Water Resistant Self Contained Mobile Robot Design
From Lofaro Lab Wiki
Due Date: 2019-05-08
The goal of this project is to extend your design for Project 2, Cloud Controlled Mobile Robot Design, to be IP-68 compliment (see IP Rating here). Other modifications are as follows:
- All capabilities from Project 2 must be built and must be useable without re-programming it
- The IP-68 design should be in CAD ONLY, again ip-68 design is in CAD only and should NOT be printed out. Please use your previous design for the integration. (feel free to change that design if needed).
- The connection between the SBC (the RPI) and the micro-controller should be a direct wifi link (i.e. the micro-controller is in AP mode). Do NOT use eduroam or another structured network such as a personal hotspot or router.
- The arrow keys should drive the robot around with the following attributes:
- Up arrow: increase velocity (10 velocity increments from stop to max speed)
- Down arrow: decrease velocity (10 velocity increments from stop to max reverse velocity)
- Left Arrow: Changes the heading set-point by 15 degrees in the positive direction (i.e. CCW)
- Right Arrow: Changes the heading set-point by 15 degrees in the negative direction (i.e. CW)

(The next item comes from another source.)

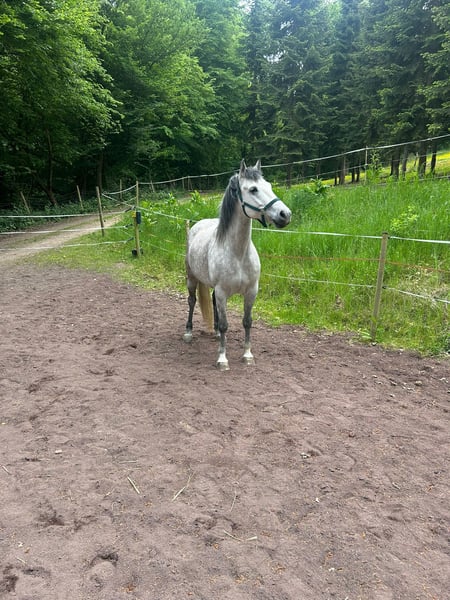 Ari ist ein 7 jähriger Araber ohne Abstammungsnachweis, aber mit E-Pass. Er ist eher im Reitpferdtyp stehend, kompakt gebaut und ca. 1,48-1,50 groß. Er ist absolut liebenswert und sehr hübsch. Er verträgt sich gut mit Stuten und Wallachen, Fohlen und Rentnern. Steht aktuell auch in einer gemischten Herde. Er ist regelmäßig geimpft, entwurmt und die Zähne wurden gemacht. Er hat wunderschöne schwebende Gänge, Videos können auf Anfrage geschickt werden. Er hat viel Bodenarbeit, Freiarbeit und Gelassenheitstraining gemacht. Er reagiert sehr fein und ist aufmerksam. Spaziergänge und Ausritte als Handpferd liebt er. Er geht auch allein raus. Er braucht einen erfahrenen Reiter, der ihm Sicherheit und Vertrauen vom Sattel aus geben kann und regelmäßig mit ihm arbeitet. Er hatte letztes Jahr einen einzigen Reheschub, der aber sofort tierärztlich und danach mit Hufpflegerin und Einlagen sehr gut behandelt wurde, sodass laut Tierarzt keine Folgeschäden entstanden sind. Er ist seitdem nicht mehr geritten worden und wird daher als ungerittenes Beistellpferd verkauft. Er ist nicht für wechselnde Reiter geeignet, da er "seinen Menschen" braucht dem er dann treu folgt. Da ich weder der sichere Reiter bin, den er braucht, noch eine passende Haltung bieten kann, habe ich mich entschlossen ihn in ein neues gutes liebevolles Zuhause abzugeben. Transport ist evtl. gegen Kostenerstattung im näheren Umkreis möglich. Weiteres gerne persönlich!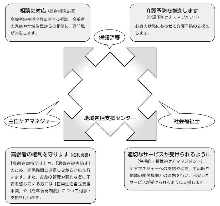 介護・医療・保健・福祉などの分野から高齢者を支える「総合相談窓口」です。専門職員が相談に応じており、高齢者が住み慣れた地域で安心した生活を続けられるように、介護サービスや介護予防サービス、保健福祉サービス、日常生活支援などの相談を行います。

- The W-A-S-D keys should do the following:
- W - have the robot turn to magnetic North
- A - have the robot turn to magnetic West
- S - have the robot turn to magnetic South
- D - have the robot turn to magnetic East
- Note: The robot should keep it's previous velocity set point as set from the arrow keys
- The space bar should stop the robot (i.e. set velocity to zero).
- All control should be closed loop
- Wheel speed should be closed loop using the encoders
- Heading should be closed loop using the compass or a combination of the compass and the encoders
- The robot should return its state (i.e. odometry location/orientation, IMU information, and compass orientation) in the following format:
- It should be a packed c-type structure
- It should be returned to the SBC at a rate of 10hz.
- It should be returned to the SBC via UDP on port 4242. Note: this should be a different port than you are using to drive/command your robot with.
- The order of the structure variables should be as follows with these exact name:
- double odo[3] // 0 = x pos, 1 = y pos, and 2 = z pos
- double imu[6] // 0 = ax, 1 = ay, 2 = az, 3 = mx, 4 = my, and 5 = mz where a = accelerator and m = magnetometer
- double heading
- Notes:
- All position units should be in mm
- All acceleration units should be in m/sec
- All orientations should be in degrees
- The magnetometer should be in degrees
- You should have a BASH installer and program as explained in class for the SBC portion of your project.
- Recommended (but not required): Pick an opensoruce license and apply it to your source and your installer
- Device and software should be clean and neat. You will be graded on looks/neatness/orderliness/etc.
- All specifications defined in Project 2, Cloud Controlled Mobile Robot Design, should be followed unless specifically modified above.
To submit:
- Write up of your project
- What you did
- How you did it
- Key points
- Pictures of your designs
- Pictures showing functionality of your work
- Links to youtube videos of your device working
- Github link
- and all other normal items you normally submit.
- Note: make sure I know that you know what you are doing
- Must be in IEEE-RAS Conference format
- Extra Credit: You will get extra credit if you do all of the following:
- Write your document in Latex
- Provide the archive of your entire latex project (must be able to be compiled) with the primary document named as main.tex
- Include a one page background of odometry methods with a minimum of 5 IEEE citations
- Live demo to be given in class